Know your worth – and make sure others know your worth.

4 Responses

  1. Couldn’t agree more – you and I are definitely on the same wavelength as your thoughts every week match my own. At my firm we charge quite high fees, BUT that is because we have a major Referrer and end up paying them, on average, half of those fees per transaction. That leaves the net fees which I can put towards my annual target much, much lower. I appreciate that it is probably essential to have excellent Referrers these days, but when they earn virtually as much as I do as a Conveyancer, something is not quite right! At some point the system has to change. Oh for simpler days, when we used to charge a scale fee based on the sale/purchase price whatever the type of transaction without all these “add-ons”, which are common in today’s conveyancing, to make your fees up to what they should be. Then, of course, you have to argue the point with the client that we are not “ripping them off” (as one client said to me the other day whilst arguing about the additional fees and disbursements) although they are all sent a copy of possible additional fees in their Onboarding Pack. I officially work four days a week but, again, this week I have actually worked a full seven days just to keep my head above water and to stave off my “deliberate delaying” of the transaction, according to some! Happy conveyancing guys 🙂

  2. 100% agree with the OP’s comments on workload, crises, grumpiness etc. Over a conveyancing career spanning 37 years, I’ve come to realise it’s the norm and part and parcel of the job.
    Don’t agree with referral fees…..never have done but only within the last 7 years have I been working for a firm who simply refuse to get involved with them. Are we busy? Absolutely! Is it stressful? Absolutely……but probably less stressful because we aren’t having to cow-tow to estate agents and other referrers and answer every single email that comes in asking if weve done this…or done that….”here are your exchange targets for the month”. It’s about time something was done about it……..I still come across clients who have not been told that they were referred to a particular lawyer because the agent was getting a backhanded.

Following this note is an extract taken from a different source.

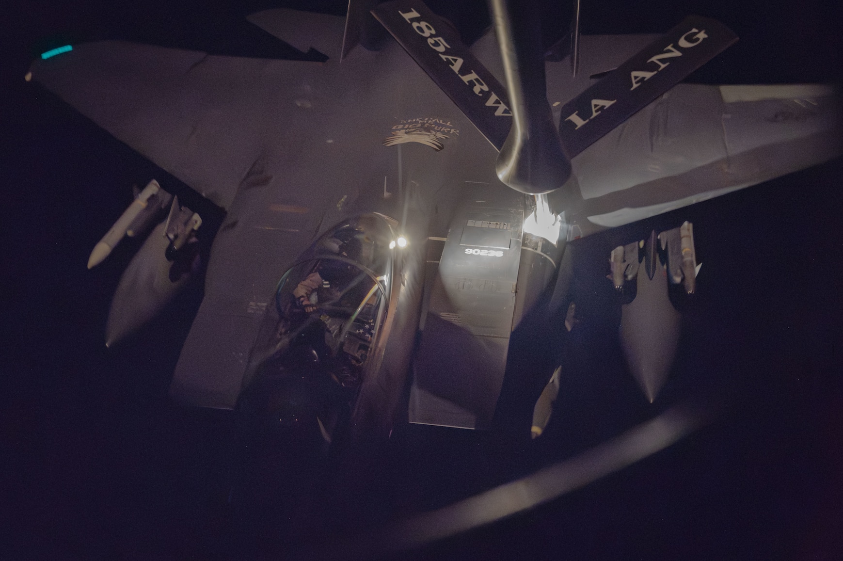 U.S. CENTRAL COMMAND AREA OF RESPONSIBILITY (Dec. 19, 2025) A U.S. Air Force F-15E Strike Eagle aircraft receives fuel from a KC-135 Stratotanker aircraft during Operation HAWKEYE STRIKE over the U.S. Central Command area of responsibility, Dec. 19, 2025. (U.S. Air Force Photo)

  3. I am qualified and have been doing this job for 15 years. I’ve not had a pay rise in 4 years. There is always some excuse to not do so (COVID, costs, interest rates, future crashes) Since 2008 I’ve been told numerous times I am lucky to be in a job. I was made redundant in 2008 and it took until 2015/2016 to get a decent wage to reflect my qualifications. I won’t say how much I am paid but I do not pay 40% tax but it is some 18% above the mean average salary for all workers. Solicitors/Conveyancers/SRA/CLC do not stick together. We should all refuse to pay agent referral fees and we should charge our worth without fear of some factory firm coming along and undercutting us. Frankly, we should all form a union and down tools until we are supported in full and that means fighting to get a reduction on our indemnity insurance premiums. If we can have fewer costs but higher fees, the staff should be paid better, we will be able to take on less work, give a better level of service and everyone wins.